Il n’y avait pas de porte, bien entendu, mais rien n’avait été brisé ou arraché, simplement ôté, avec soin.
La pièce où nous entrâmes était aussi vide et nue que le reste. Elle était longue, plus longue que ce que j’avais jamais vu, comme un dortoir dont on aurait supprimé toutes les cloisons intérieures. Dans les parois, des trous, des rangées de trous. À part cela, rien.
« Qu’est-ce que c’est ? » me demanda Zena.
— « Je me le demande. »
Nous revînmes dans le passage. Il était long et droit, sans aucun de ces tournants brusques, impasses ou escaliers qui sont caractéristiques de tous les autres passages. Vide, et droit comme un fil à plomb. C’était étrange, vraiment.
Près de la porte, je vis les chiffres 44-2 peints sur le mur. De la porte partait une ligne rouge qui allait jusqu’au centre du passage, où elle rejoignait des lignes vertes, jaunes, bleues, oranges ou violettes qui suivaient le centre du passage.
« Allons voir où mènent ces lignes, » proposai-je.
Il était tard lorsque nous retournâmes à Géo.
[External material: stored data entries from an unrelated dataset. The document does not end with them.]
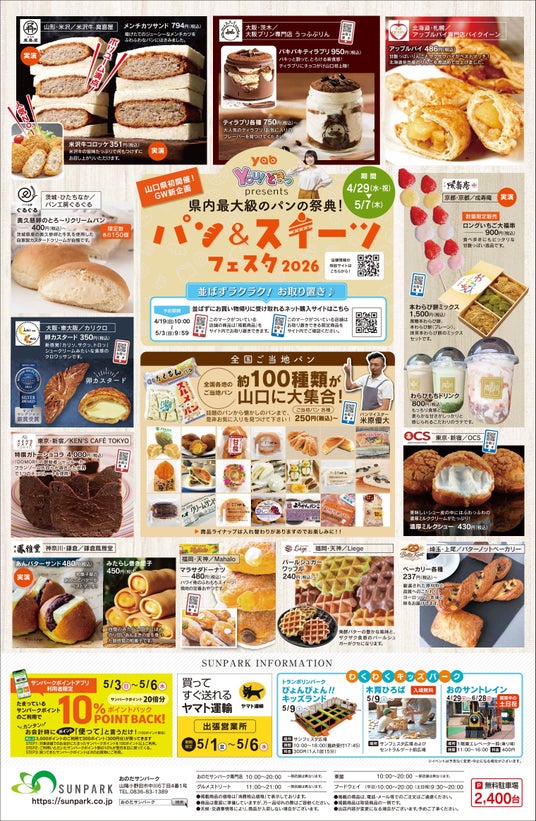 山口県を拠点に展開する富士商グループホールディングス株式会社(本社:山口県山陽小野田市稲荷町10-23 代表取締役:藤田 敏彦)の小野田商業開発株式会社が運営をおこなう複合商業施設「おのだサンパーク」は、2026年4月29日(水・祝)~5月7日(木)までyab山口朝日放送「You!どきっ」プレゼンツとして、パン&スイーツフェスタ2026を開催しており、館内が賑わいを見せています。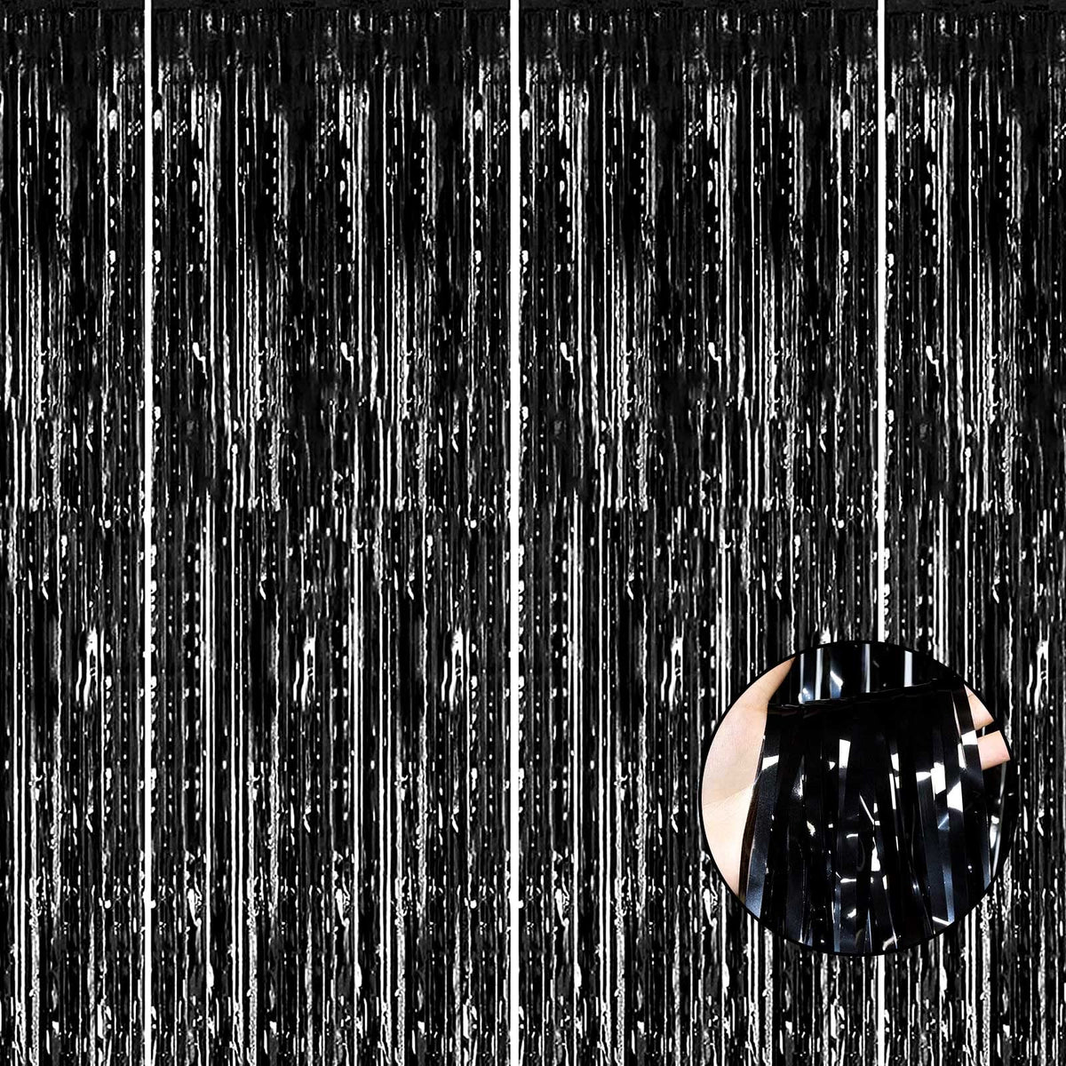 Halloweendecorate 4 Pack Black Foil Fringe Curtain Backdrop, 3.28Ft X 8.2Ft Metallic Tinsel Streamer Curtains For Party, Photo B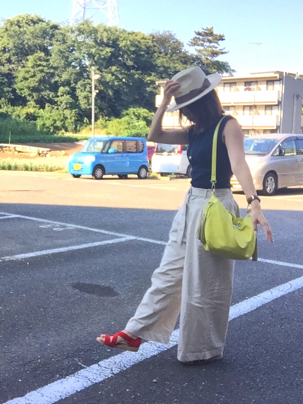 休日 シンプルコーデ☆ まだ暑くてノースリーブ! ロデスコのイエローバッグは、2年前からずっと使ってる☆色も形も使いやすいー☆ ベージュワイドパンツはサニーレーベルの☆ リネン素材と155センチの私でもギリギリ履ける長さがいい! グリーンレーベルの赤サンダルは、今期よく履いたなー☆ 見ていただきありがとうございます☆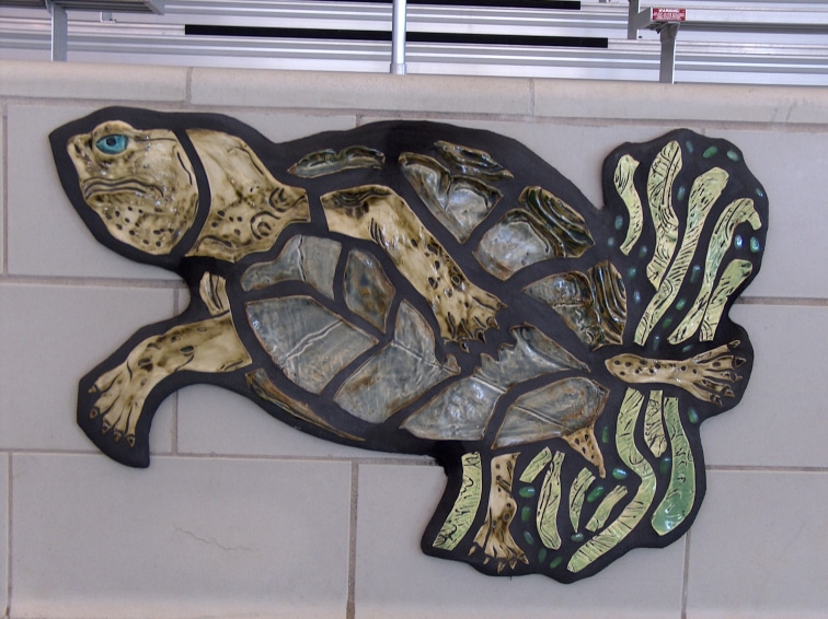 Ceramic mosaic mural made with community involvment. Both in making the handmade tiles and Installation.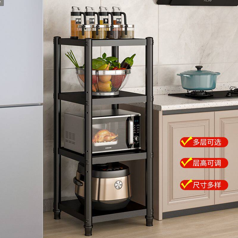 厨房落地碳钢置物架多层夹缝收纳微波炉架子家用储物架黑色加厚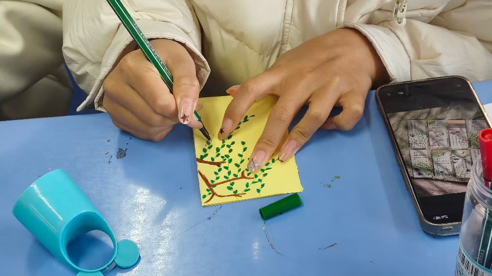 活动旨在打破传统心理活动的固有形式,探索寓教于乐的新路径。与侧重竞技对抗的活动不同,本次设计以静心创作、情感表达为核心,弱化竞争氛围,着重强调专注与自我疗愈。在主持人的引导下,同学们领取彩色卡纸、马克笔、胶棒等创作材料,围绕“春日”主题开启书签设计。先将卡纸裁剪成心仪的形状,再用马克笔勾勒花草、飞鸟等春日意象,或书写饱含春意的短句、英文诗句,最后用胶棒粘贴装饰细节,让朴素的卡纸逐渐蜕变为独具个性的春日书签。

L’heure du dîner était passée depuis longtemps. Nous sortîmes des conduites tout près de l’appartement de Zena, là où nous y étions entrées. Mon estomac commençait à protester et j’avais un appétit féroce.
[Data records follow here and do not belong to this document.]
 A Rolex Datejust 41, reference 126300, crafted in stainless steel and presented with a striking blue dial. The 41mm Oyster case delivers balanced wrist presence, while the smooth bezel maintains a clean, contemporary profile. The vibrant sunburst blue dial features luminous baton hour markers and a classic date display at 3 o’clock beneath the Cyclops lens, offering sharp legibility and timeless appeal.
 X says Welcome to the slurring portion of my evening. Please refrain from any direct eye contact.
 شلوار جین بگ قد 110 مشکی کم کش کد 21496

Avant d’entrer chez elle, Zena hésita une minute, puis me dit :
« Tu es bien plus chic que je ne l’avais cru au début. »
Craignant de s’être laissée aller à en dire plus qu’elle ne le voulait, elle ajouta : « Bonne nuit, » et se hâta d’ouvrir sa porte.
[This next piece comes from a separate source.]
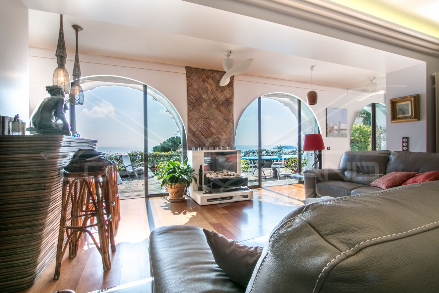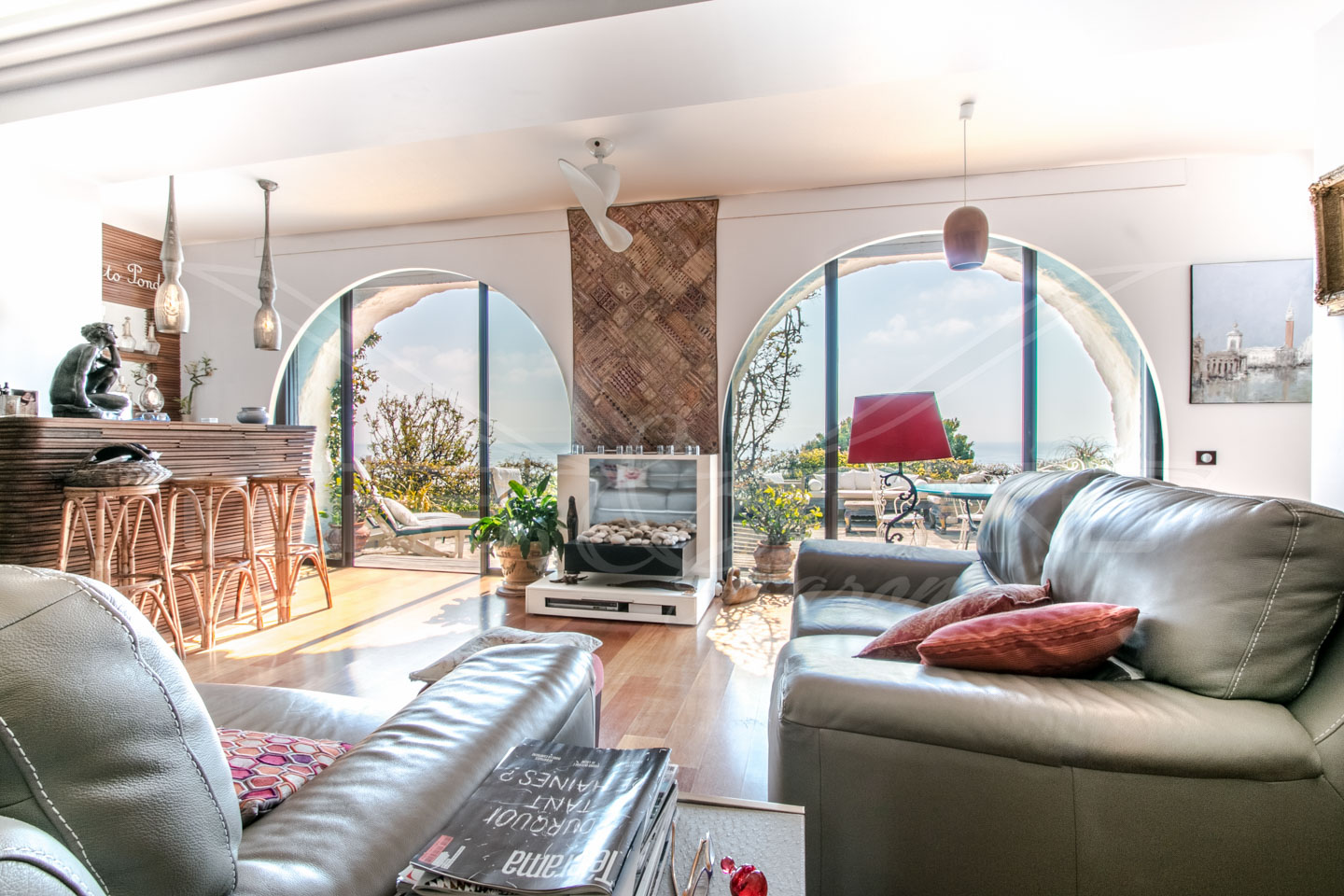 Located on the heights of the small town of Eze sur Mer in a very chic and residential area, the villa offers a panoramic view of the sea.

Lorsque j’arrivai, papa se préparait à sortir. Il se réunissait régulièrement avec des amis, pour bavarder et construire des modèles réduits : des modèles de machine, d’animaux (avec le squelette et tout ça), de tout ce qu’on peut imaginer. Depuis que je vis avec papa, je ne me souviens pas d’un dimanche où il n’y soit allé. C’est son dada. Il possède d’ailleurs toute une collection de modèles, mais il ne les a pas encore déballés depuis notre arrivée à Géo.